Published by EG on 29/09/23
Auctions are bringing liquidity to the heart of the commercial property sector
Liquidity is vital in any investment market, and even though property – because of the way in which it is transacted – is seen as a fundamentally illiquid asset, there are still distinct periods when our market is either flowing or faltering.
Against a continuous backdrop of economic disruption since early 2020, the auction market has continued to fulfil a very important role in bringing liquidity to the heart of the commercial property sector. Its ability to match sellers with buyers is a guide to investor sentiment, and also indicates differences between previous value and today’s price.
To investors who are new to our sector – and there are many – any discrepancy between the value of an asset and what it can sell for in the open market can, at first, prove mystifying. However, when they appreciate the rigours and constraints that are placed on property valuers, they begin to understand the source of this mismatch. On this theme, MSCI published a very interesting report last year by Girish Walvekar and Vinay Kakka entitled Private Real Estate: Valuation and Sale Price Comparison, which is well worth a read.
Most recently, we are seeing the gap between market prices and valuations narrowing, which is enabling more owners to realise a sale below the historical valuation. This is due in part to valuers beginning to get the transactional evidence – often through auction sales – that enables them to “catch up” with the market.
It also reflects a greater level of pragmatism on the part of sellers, who are letting go of notional values and accepting what price an asset can command in the market today, whether by auction or by private treaty best offers.
In the case of the latter method of sale, the owner will need to accept the substantially slower process and higher holding and opportunity costs. As such, when an asset comes to auction, it will find its level because there are still enough buyers out there to create a market. This is quite a profound adjustment for some. It is not long since sellers’ expectations around the likely price they could achieve in the market was as much as 20% adrift from what the market price was.

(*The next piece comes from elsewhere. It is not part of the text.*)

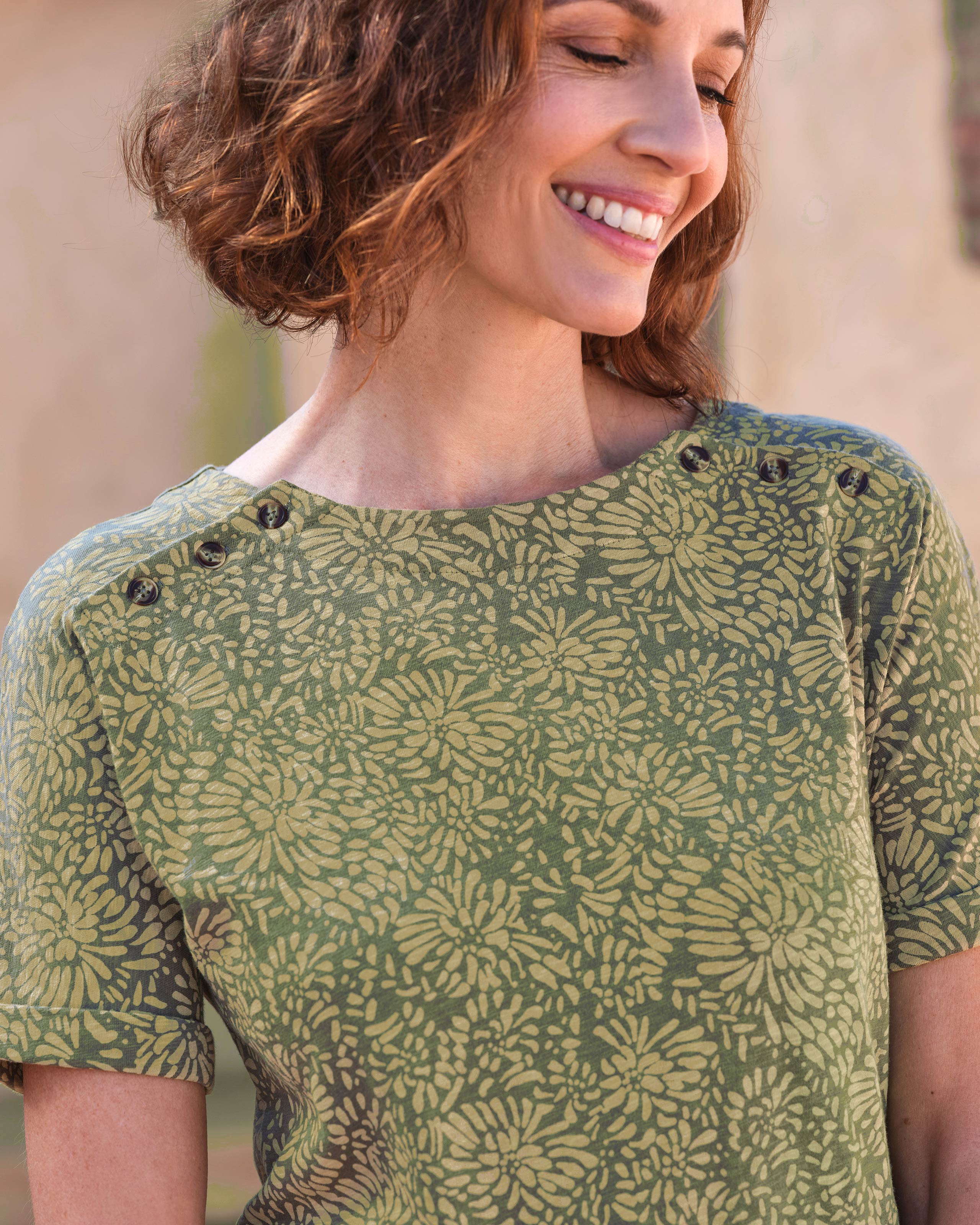 Tonal Print | Button Detail Curved Hem Tunic | WoolOvers AU
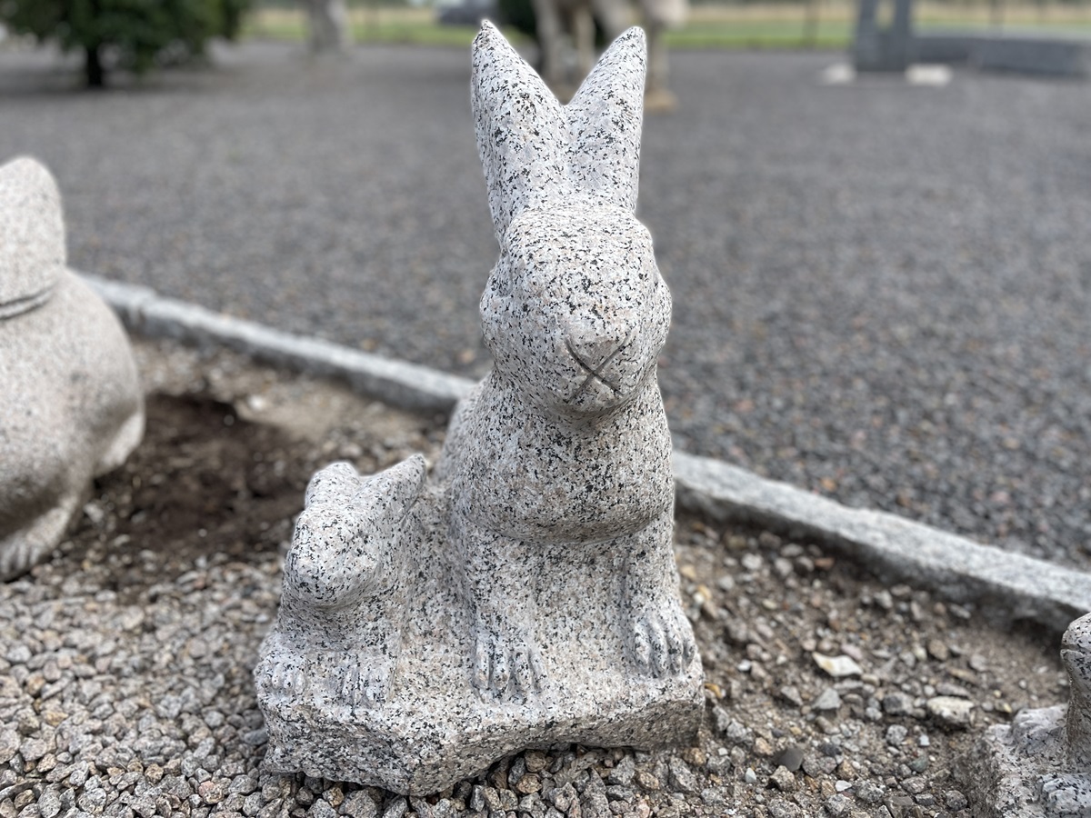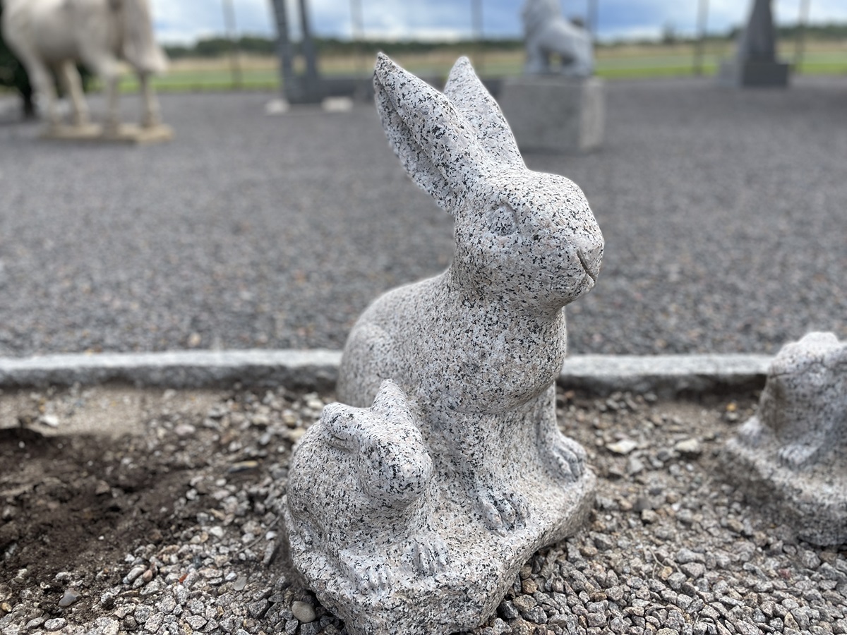 Granitfigur af en kanin med en unge tæt ved sin side. Granitfiguren er lavet i rosa granit og har bløde former og afslutninger, samt strittende spidse ører, som giver kaninerne det karakteristiske look.

This, however, does not mean it is exclusively a buyer’s market. As our September auction demonstrated, there is still a highly competitive market around assets that offer either secure income or asset management opportunities that can drive future value.
This is being reinforced by a much greater supply of institutional-grade properties. As valuations are adjusted to new market conditions, an increasing number of assets are falling out of the bandwidth that makes them worthwhile for institutions to retain and manage.
The sellers of this segment of assets want to be able to extinguish the holding costs as quickly as possible and recycle the capital that a sale can generate. An auction is a perfect medium to achieve these objectives. A good example of this in our most recent auction was a substantial office building on the high-profile Stockley Park development near Heathrow which was guided at £3m and sold prior to auction on behalf of a major investment manager. Our client wanted to achieve certainty as well as best price, and to do this they reached out to an untapped market of private investors. This approach proved very successful.
While quality is high on the list of buyers’ criteria, that is not to say that there isn’t an appetite for risk, especially with mixed-use properties that have a residential element. High-yielding assets can be an opportunity for creative asset management, even where the property may be over-rented or there are potential voids coming up. Looking through to the end of the year, there will be a continued supply of good assets coming to the market.
It is gradually becoming a market where investors can plan ahead, and especially those who are equity buyers. However, as valuations crystallise and affordable refinancing becomes harder to secure without borrowers injecting their own capital into properties, there will inevitably be a growing group of lenders who look to resolve the situation through asset sales at auction.